In the records below, find the line with "This beautiful heart" and repeat exactly every line from it through the line with "白金珠寶手鐲,鑲嵌鉆石、藍(lán)寶石". Pictures stay out.
Exercise inputs Start Marker
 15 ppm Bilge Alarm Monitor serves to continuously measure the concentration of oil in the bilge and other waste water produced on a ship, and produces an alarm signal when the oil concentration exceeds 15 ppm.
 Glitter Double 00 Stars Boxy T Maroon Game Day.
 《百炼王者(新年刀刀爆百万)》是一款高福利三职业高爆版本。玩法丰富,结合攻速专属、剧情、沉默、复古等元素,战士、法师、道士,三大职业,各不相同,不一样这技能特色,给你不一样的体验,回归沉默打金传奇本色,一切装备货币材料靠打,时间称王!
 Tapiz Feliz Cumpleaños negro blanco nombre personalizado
Exercise inputs End Marker
Exercise inputs Start Marker
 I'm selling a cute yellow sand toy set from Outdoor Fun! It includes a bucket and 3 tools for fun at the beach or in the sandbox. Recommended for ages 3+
Exercise inputs End Marker
Exercise inputs Start Marker
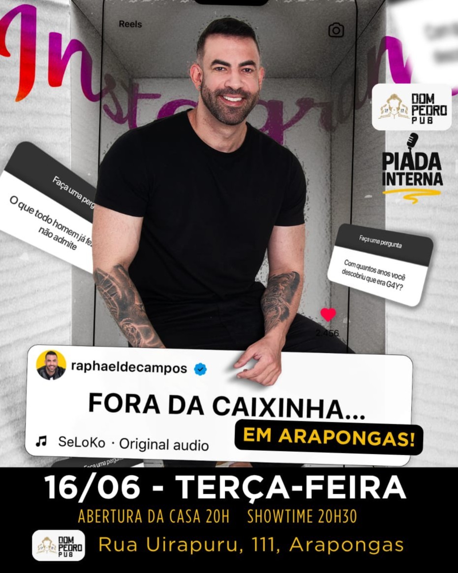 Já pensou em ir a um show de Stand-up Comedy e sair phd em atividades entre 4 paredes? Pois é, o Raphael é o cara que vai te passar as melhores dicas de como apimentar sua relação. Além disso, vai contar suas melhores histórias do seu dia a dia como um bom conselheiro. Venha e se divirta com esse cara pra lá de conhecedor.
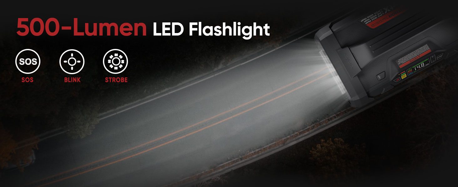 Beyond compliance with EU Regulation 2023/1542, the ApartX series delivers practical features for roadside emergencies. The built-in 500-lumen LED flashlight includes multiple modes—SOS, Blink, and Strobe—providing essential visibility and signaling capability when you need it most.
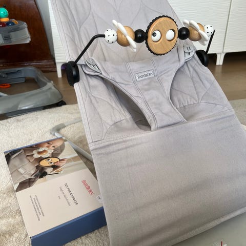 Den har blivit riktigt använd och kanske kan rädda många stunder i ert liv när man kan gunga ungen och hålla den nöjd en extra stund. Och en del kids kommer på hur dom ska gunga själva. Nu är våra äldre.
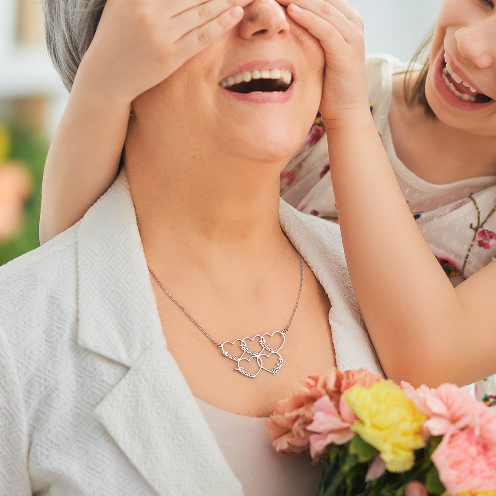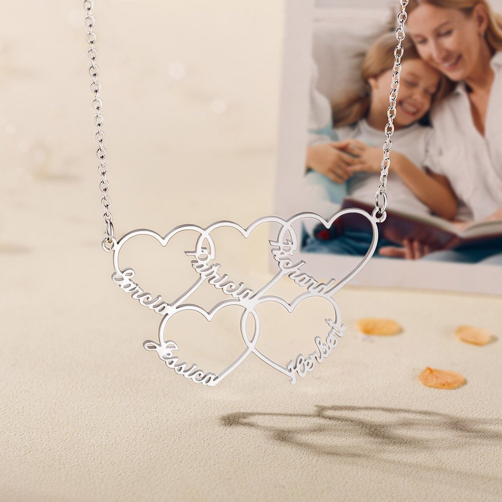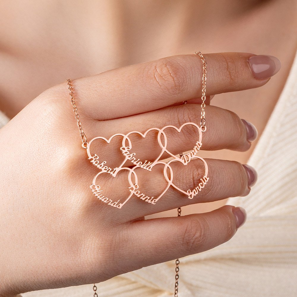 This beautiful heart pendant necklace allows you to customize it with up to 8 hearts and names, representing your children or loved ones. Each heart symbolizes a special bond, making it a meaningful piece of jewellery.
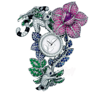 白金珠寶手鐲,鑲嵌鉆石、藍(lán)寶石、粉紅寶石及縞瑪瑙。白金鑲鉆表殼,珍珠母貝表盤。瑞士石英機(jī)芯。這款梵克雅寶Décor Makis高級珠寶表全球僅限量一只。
Exercise inputs End Marker
▶ Exercise result:
 This beautiful heart pendant necklace allows you to customize it with up to 8 hearts and names, representing your children or loved ones. Each heart symbolizes a special bond, making it a meaningful piece of jewellery.
 白金珠寶手鐲,鑲嵌鉆石、藍(lán)寶石、粉紅寶石及縞瑪瑙。白金鑲鉆表殼,珍珠母貝表盤。瑞士石英機(jī)芯。這款梵克雅寶Décor Makis高級珠寶表全球僅限量一只。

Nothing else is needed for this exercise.